[LISTED ENTRIES Boundary: Start]

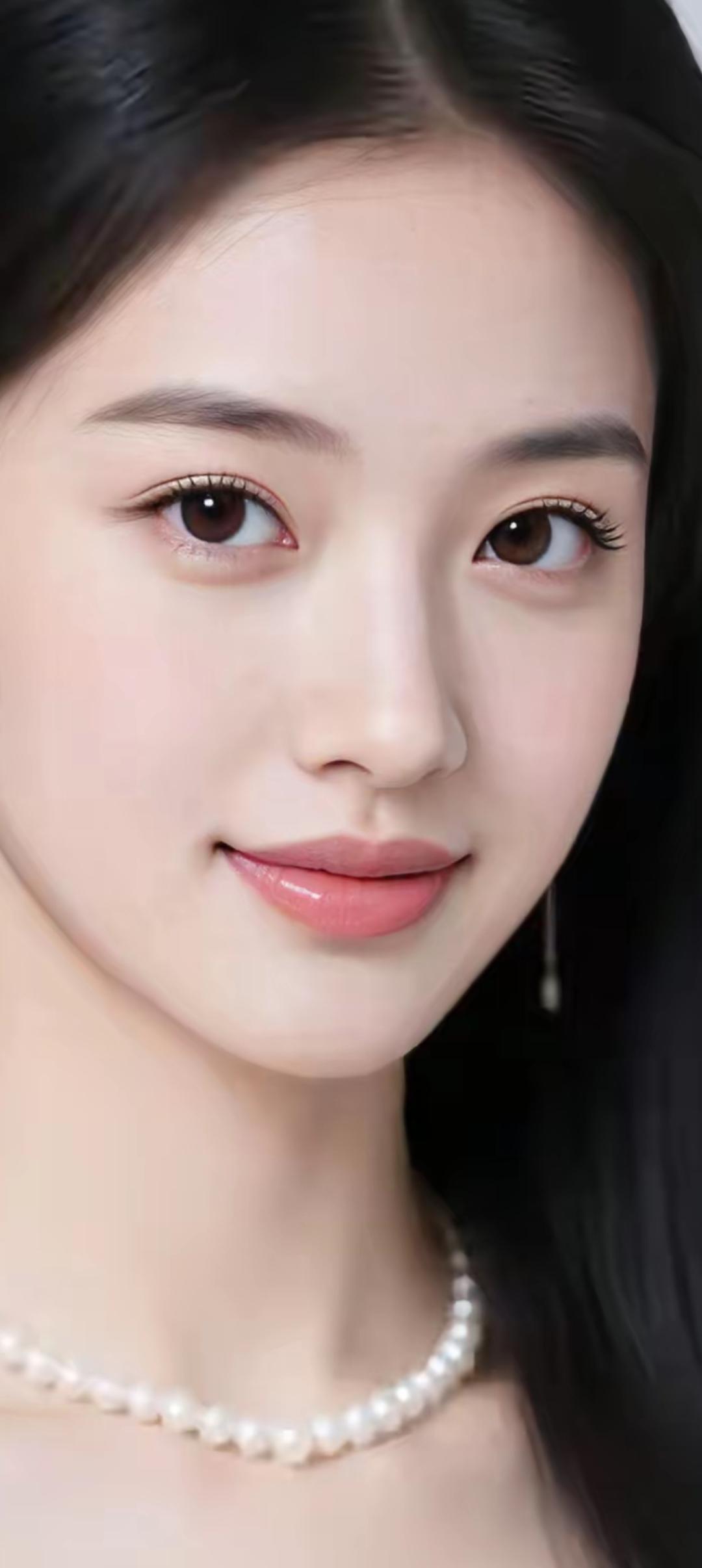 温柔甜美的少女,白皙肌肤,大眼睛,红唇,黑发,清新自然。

[LISTED ENTRIES Boundary: End]
[LISTED ENTRIES Boundary: Start]

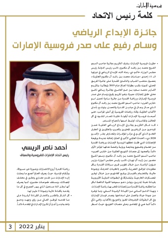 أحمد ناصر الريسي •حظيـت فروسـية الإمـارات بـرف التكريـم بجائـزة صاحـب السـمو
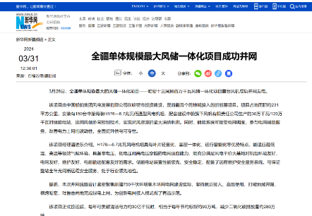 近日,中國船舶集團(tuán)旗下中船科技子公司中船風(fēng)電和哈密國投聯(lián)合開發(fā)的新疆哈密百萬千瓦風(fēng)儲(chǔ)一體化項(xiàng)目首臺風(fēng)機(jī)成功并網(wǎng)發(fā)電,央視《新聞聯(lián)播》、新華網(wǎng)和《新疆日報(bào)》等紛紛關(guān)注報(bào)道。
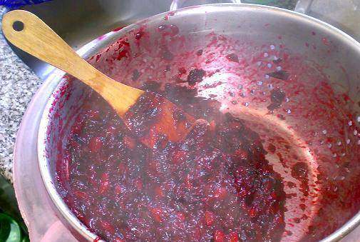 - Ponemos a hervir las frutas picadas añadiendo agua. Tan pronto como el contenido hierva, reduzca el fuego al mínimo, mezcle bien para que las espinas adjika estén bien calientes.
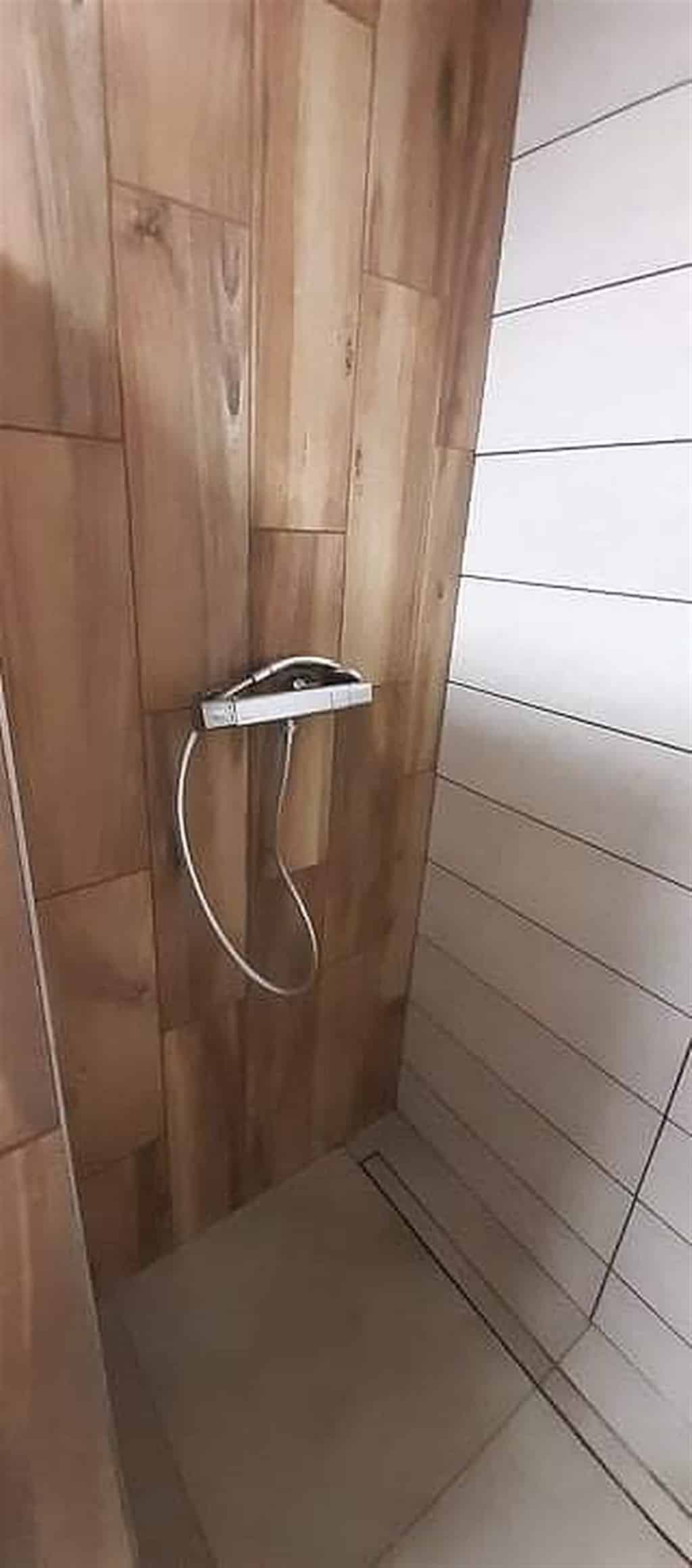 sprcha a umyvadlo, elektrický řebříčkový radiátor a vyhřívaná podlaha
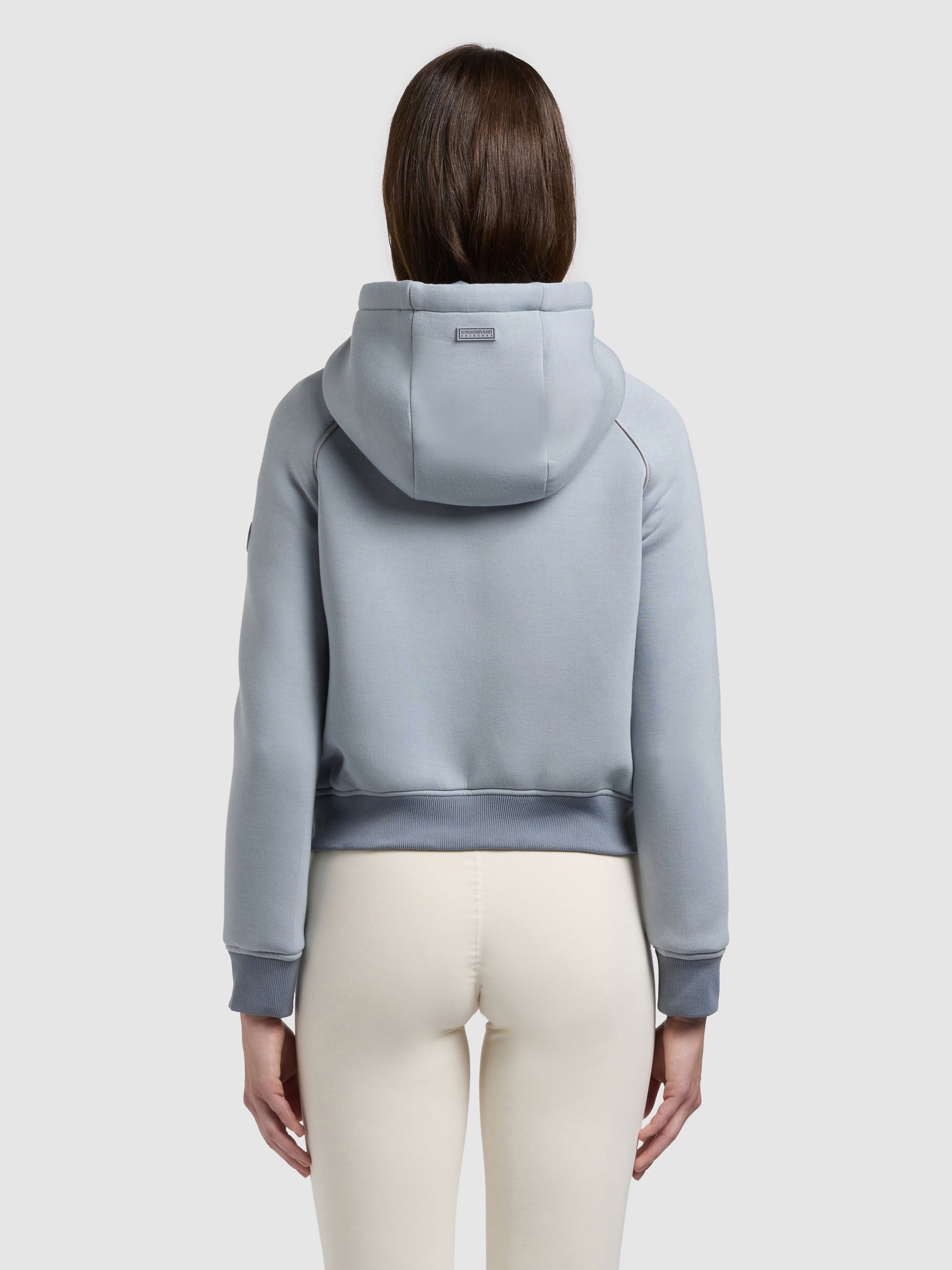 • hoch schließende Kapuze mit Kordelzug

[LISTED ENTRIES Boundary: End]

### INSTRUCTIONS TO FOLLOW
Reproduce the data above exactly, but only the lines from the one showing "أحمد ناصر الريسي" through the one showing "Kapuze mit Kordelzug", with both ends kept and the pictures left out.

### ANSWER TO THIS PROBLEM
 أحمد ناصر الريسي •حظيـت فروسـية الإمـارات بـرف التكريـم بجائـزة صاحـب السـمو
 近日,中國船舶集團(tuán)旗下中船科技子公司中船風(fēng)電和哈密國投聯(lián)合開發(fā)的新疆哈密百萬千瓦風(fēng)儲(chǔ)一體化項(xiàng)目首臺風(fēng)機(jī)成功并網(wǎng)發(fā)電,央視《新聞聯(lián)播》、新華網(wǎng)和《新疆日報(bào)》等紛紛關(guān)注報(bào)道。
 - Ponemos a hervir las frutas picadas añadiendo agua. Tan pronto como el contenido hierva, reduzca el fuego al mínimo, mezcle bien para que las espinas adjika estén bien calientes.
 sprcha a umyvadlo, elektrický řebříčkový radiátor a vyhřívaná podlaha
 • hoch schließende Kapuze mit Kordelzug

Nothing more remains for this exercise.